▸ **Exercise aim**
Using the listing below, give again exactly the lines from the line with "rooftop shot render" to the line with "Candlestick Holders –", inclusive, without the pictures.

▸ **Source data**
=====

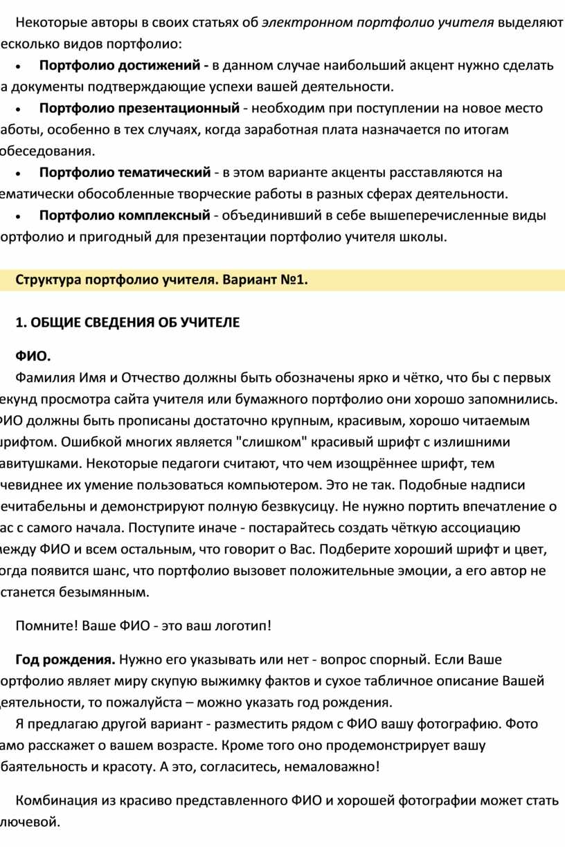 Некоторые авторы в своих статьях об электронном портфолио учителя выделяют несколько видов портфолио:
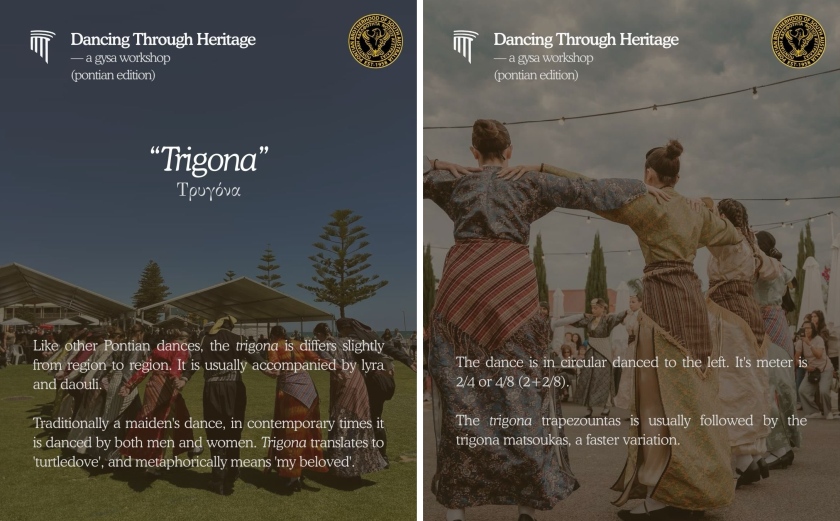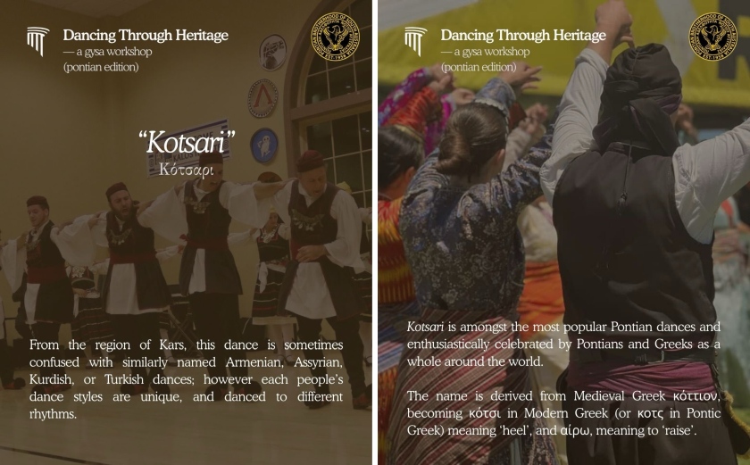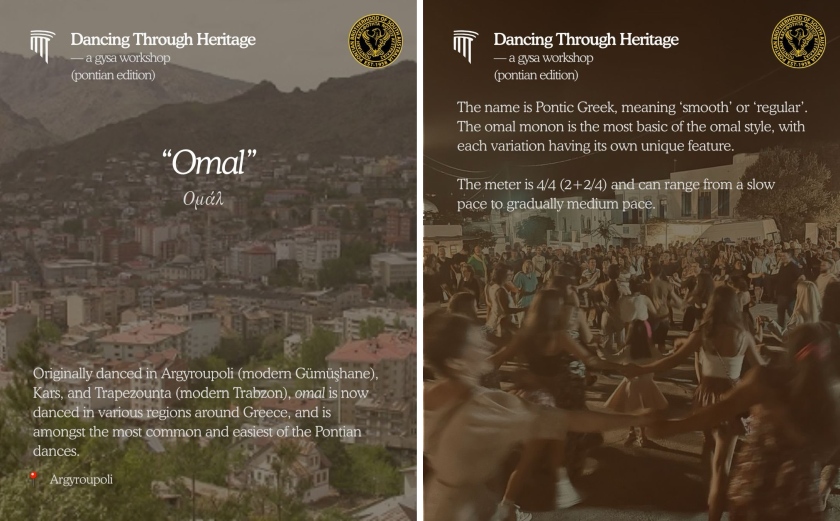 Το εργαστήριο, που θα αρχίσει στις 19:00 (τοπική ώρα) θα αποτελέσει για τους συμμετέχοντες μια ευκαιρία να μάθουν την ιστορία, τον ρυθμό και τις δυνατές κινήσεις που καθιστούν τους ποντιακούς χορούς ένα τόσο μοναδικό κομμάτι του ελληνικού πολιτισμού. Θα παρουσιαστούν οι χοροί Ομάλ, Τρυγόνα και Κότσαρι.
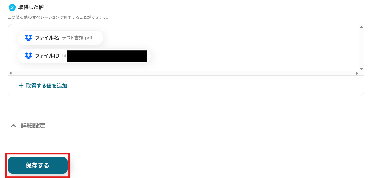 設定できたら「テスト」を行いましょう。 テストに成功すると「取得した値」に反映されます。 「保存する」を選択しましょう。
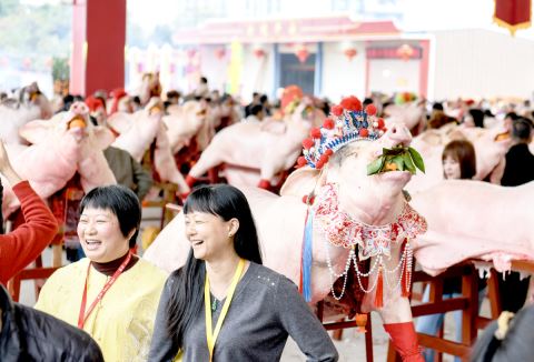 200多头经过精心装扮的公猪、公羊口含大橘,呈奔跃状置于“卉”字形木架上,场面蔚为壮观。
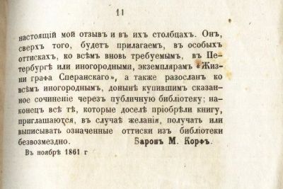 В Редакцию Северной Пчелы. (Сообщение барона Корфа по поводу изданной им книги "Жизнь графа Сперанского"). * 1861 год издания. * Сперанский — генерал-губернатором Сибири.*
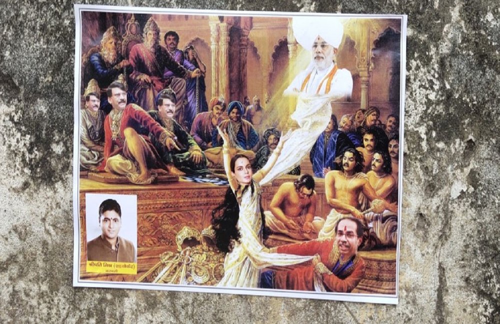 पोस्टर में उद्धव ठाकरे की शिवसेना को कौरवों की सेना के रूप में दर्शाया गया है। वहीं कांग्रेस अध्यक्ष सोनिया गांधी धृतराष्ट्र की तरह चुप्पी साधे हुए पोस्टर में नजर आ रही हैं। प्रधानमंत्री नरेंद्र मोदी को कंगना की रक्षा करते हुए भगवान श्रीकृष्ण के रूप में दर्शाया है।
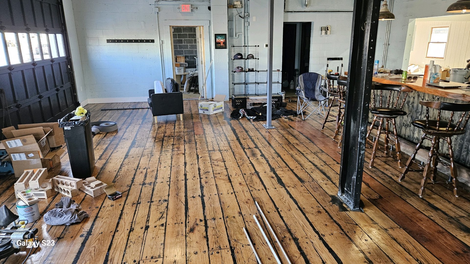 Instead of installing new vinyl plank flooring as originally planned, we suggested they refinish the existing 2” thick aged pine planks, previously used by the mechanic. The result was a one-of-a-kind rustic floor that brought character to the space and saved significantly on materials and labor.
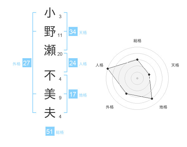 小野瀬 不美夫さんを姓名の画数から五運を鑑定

=====

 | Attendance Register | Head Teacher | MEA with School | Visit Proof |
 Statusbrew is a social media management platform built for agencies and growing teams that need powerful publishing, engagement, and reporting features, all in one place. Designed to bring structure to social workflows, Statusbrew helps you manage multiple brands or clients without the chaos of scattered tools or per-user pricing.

=====

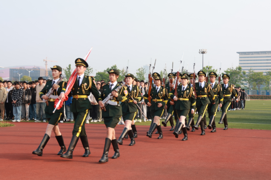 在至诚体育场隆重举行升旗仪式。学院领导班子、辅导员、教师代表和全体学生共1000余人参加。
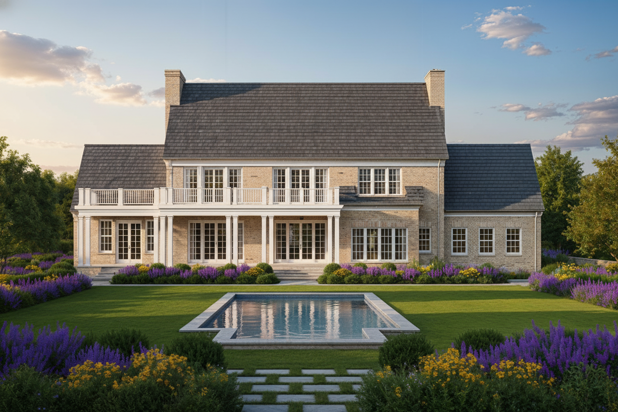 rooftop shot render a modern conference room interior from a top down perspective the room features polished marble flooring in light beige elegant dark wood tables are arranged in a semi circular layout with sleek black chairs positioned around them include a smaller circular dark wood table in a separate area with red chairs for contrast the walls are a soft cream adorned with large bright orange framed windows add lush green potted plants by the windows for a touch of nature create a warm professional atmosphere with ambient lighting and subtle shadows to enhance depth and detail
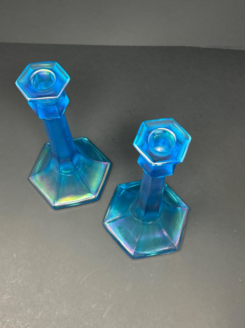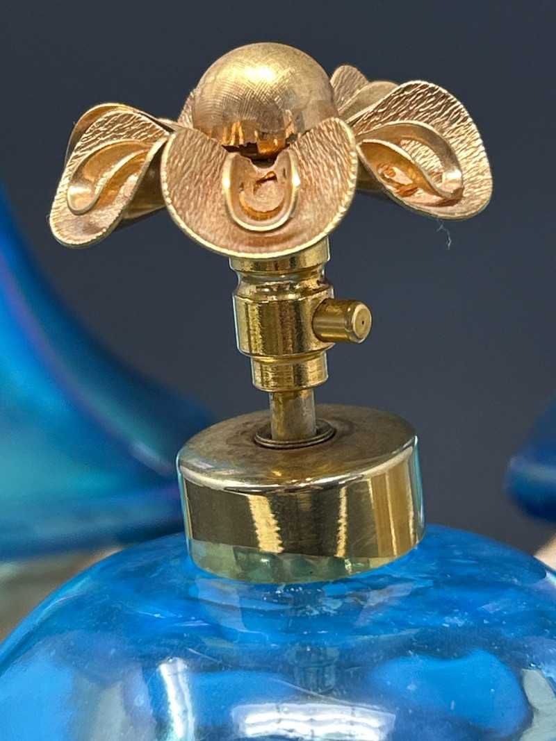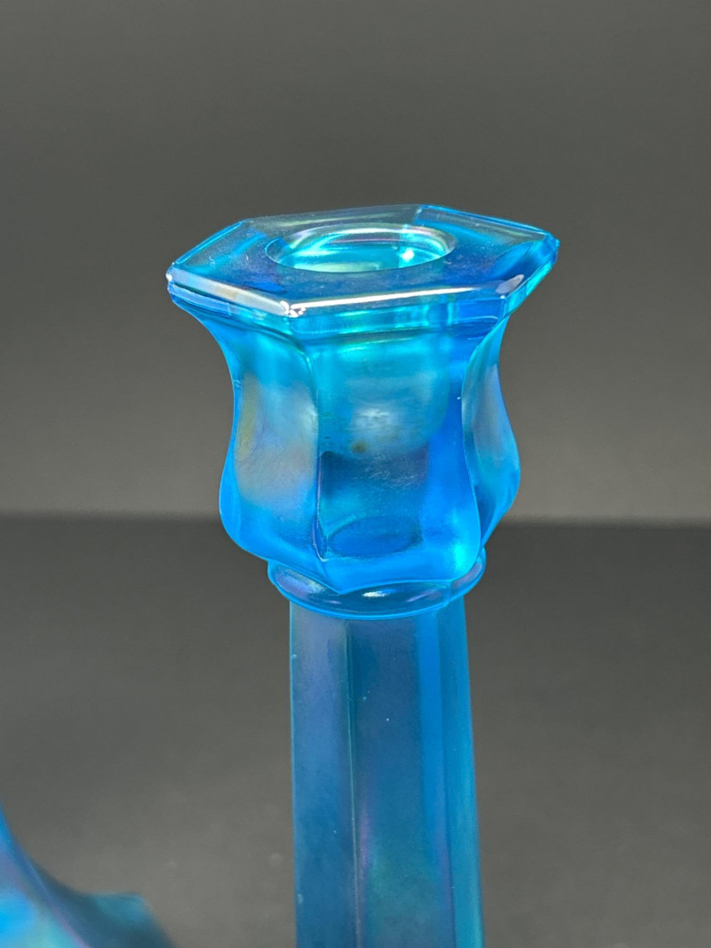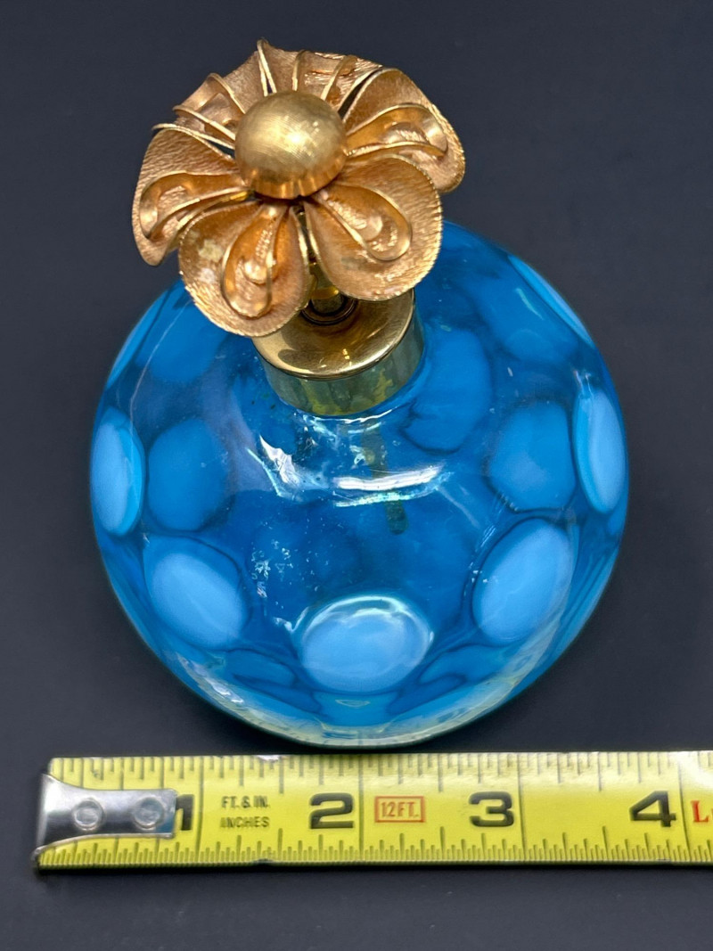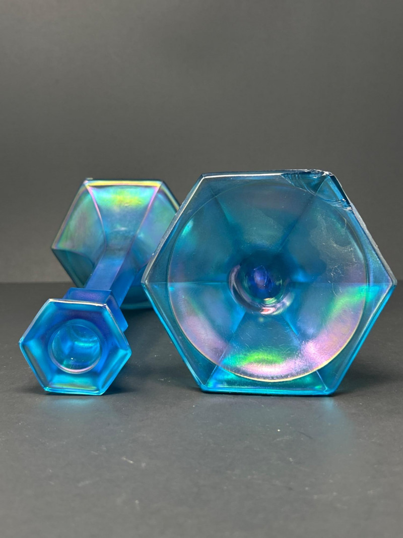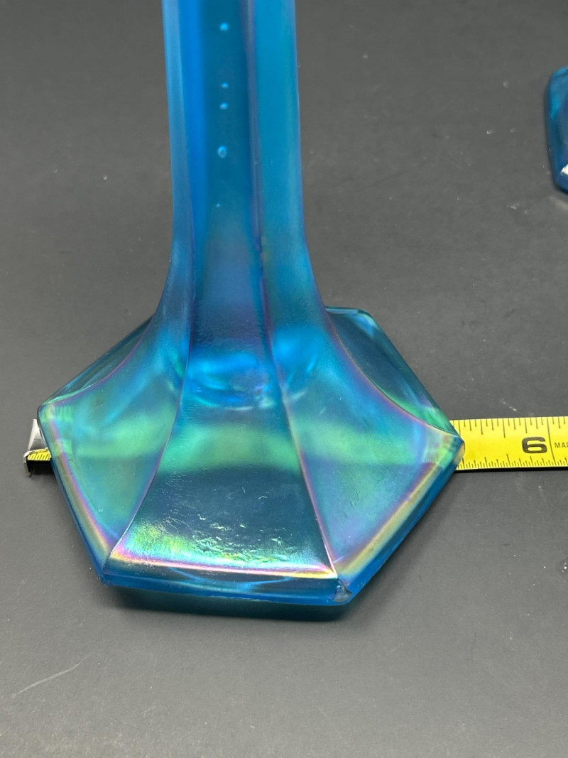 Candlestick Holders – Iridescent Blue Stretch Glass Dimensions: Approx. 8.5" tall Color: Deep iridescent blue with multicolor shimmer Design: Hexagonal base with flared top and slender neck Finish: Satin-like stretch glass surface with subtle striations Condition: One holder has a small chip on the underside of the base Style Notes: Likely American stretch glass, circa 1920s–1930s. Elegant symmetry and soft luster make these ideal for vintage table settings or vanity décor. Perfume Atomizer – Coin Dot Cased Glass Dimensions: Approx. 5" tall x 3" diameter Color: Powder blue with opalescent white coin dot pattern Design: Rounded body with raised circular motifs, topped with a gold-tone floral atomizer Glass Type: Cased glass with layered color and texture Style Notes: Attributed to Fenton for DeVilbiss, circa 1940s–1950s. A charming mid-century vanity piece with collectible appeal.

=====

▸ **Response to the exercise**
 rooftop shot render a modern conference room interior from a top down perspective the room features polished marble flooring in light beige elegant dark wood tables are arranged in a semi circular layout with sleek black chairs positioned around them include a smaller circular dark wood table in a separate area with red chairs for contrast the walls are a soft cream adorned with large bright orange framed windows add lush green potted plants by the windows for a touch of nature create a warm professional atmosphere with ambient lighting and subtle shadows to enhance depth and detail
 Candlestick Holders – Iridescent Blue Stretch Glass Dimensions: Approx. 8.5" tall Color: Deep iridescent blue with multicolor shimmer Design: Hexagonal base with flared top and slender neck Finish: Satin-like stretch glass surface with subtle striations Condition: One holder has a small chip on the underside of the base Style Notes: Likely American stretch glass, circa 1920s–1930s. Elegant symmetry and soft luster make these ideal for vintage table settings or vanity décor. Perfume Atomizer – Coin Dot Cased Glass Dimensions: Approx. 5" tall x 3" diameter Color: Powder blue with opalescent white coin dot pattern Design: Rounded body with raised circular motifs, topped with a gold-tone floral atomizer Glass Type: Cased glass with layered color and texture Style Notes: Attributed to Fenton for DeVilbiss, circa 1940s–1950s. A charming mid-century vanity piece with collectible appeal.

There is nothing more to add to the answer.